RAKYATKU.COM, MAROKO - Tiga tersangka teroris diadili di Maroko, karena membunuh dua pendaki Skandinavia muda. Ketiganya terancam hukuman mati.
Pelajar Denmark Louisa Vesterager Jespersen (24), dan Maren Ueland (28), dari Norwegia, ditemukan tewas di pegunungan High Atlas Desember lalu, ketika dalam perjalanan hiking.
Pemimpin biang keladi yang dicurigai dan bawah tanah, Imam Abdessamad Ejjoud (25), dan Younes Ouaziyad (27), mengakui bahwa mereka memenggal gadis-gadis itu, sementara Rachid Afatti (33), memfilmkan pembunuhan di teleponnya.
Jaksa penuntut Maroko mencap tiga pembunuh haus darah, ketika mereka menyerukan agar mereka menerima hukuman mati untuk kejahatan pada hari Kamis di pengadilan anti-teror di Sale, dekat Rabat.
Namun, Maroko secara de facto membekukan eksekusi sejak tahun 1993.
Penuntutan mengatakan kepada pengadilan, bagaimana laporan otopsi menemukan 23 luka-luka pada tubuh Nona Jespersen yang dipenggal dan tujuh lainnya mengenai Nona Ueland.
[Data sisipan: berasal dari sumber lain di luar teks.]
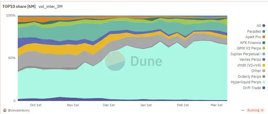 Hyperliquid 已被证明是唯一能够在交易量和未平仓合约上与中心化交易所竞争的永续合约 DEX,并在市场份额上完全碾压其他同类 DEX。这种主导地位主要归因于以下几个原因:
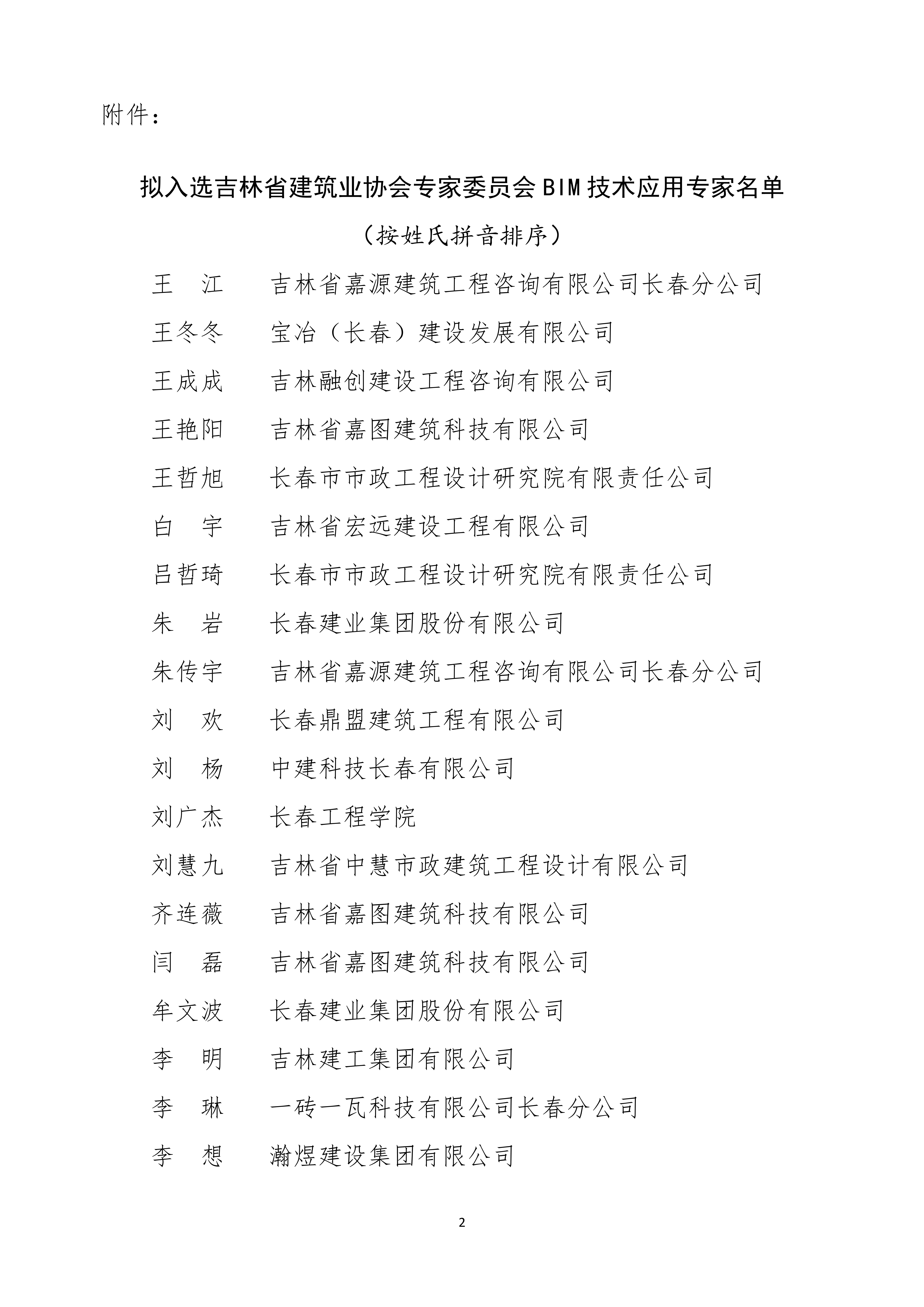 附件:拟入选吉林省建筑业协会专家委员会BIM技术应用专家名单

Pengadilan juga menyerukan hukuman penjara antara 15 tahun dan seumur hidup bagi 21 terdakwa lainnya, dalam persidangan.
Hukuman seumur hidup dicari untuk tukang ledeng Abderrahim Khayali (33), yang telah menemani ketiga penyerang tetapi meninggalkan tempat kejadian sebelum pembunuhan.
Pria lain yang berusia 20 tahun dicari untuk Kevin Zoller Guervos, seorang mualaf asal Spanyol-Swiss. Semua kecuali tiga dari mereka yang diadili mengatakan, mereka adalah pendukung kelompok ISIS, menurut penuntutan.
Pengacara yang mewakili Miss Jespersen mengatakan, tragedi itu bisa dihindari dan menyalahkan pemerintah Maroko karena gagal memantau para tersangka sebelum pembunuhan.
Khaled El Fataouis mengatakan, nyawa gadis-gadis itu akan terhindar jika pejabat memperhatikan informasi tentang perilaku pedagang kaki lima Ejjoud, yang telah dihukum karena mencoba bergabung dengan ISIS di Suriah.
Dia dibebaskan lebih awal dari penjara pada tahun 2015 dan melanjutkan untuk bertemu dengan mantan narapidana dan orang lain tanpa pemeriksaan oleh pihak berwenang, tambah Fataouis.
Dia menuduh polisi telah diberitahu tentang kegiatan mereka tetapi gagal untuk bertindak atas informasi tersebut.
Pengacara Houssine Raji menambahkan para tersangka bertemu di sekolah-sekolah Alquran yang dikelola oleh ulama Mohamed al-Maghraoui, yang telah ditutup pada 2010, berdasarkan keputusan pengadilan tetapi diperintahkan untuk dibuka kembali pada 2012 oleh menteri kehakiman.
Para pengacara menuntut agar Maghraoui dan menteri kehakiman saat itu Mustapha Ramid dipanggil untuk diinterogasi, tetapi permintaan itu ditolak oleh pengadilan.
Para penyelidik mengatakan 'sel' itu diilhami oleh ideologi ISIS, tetapi kepala anti-teror Maroko bersikeras bahwa terdakwa tidak memiliki kontak dengan kelompok jihadis di zona konflik. ISIS tidak pernah mengklaim bertanggung jawab atas pembunuhan tersebut.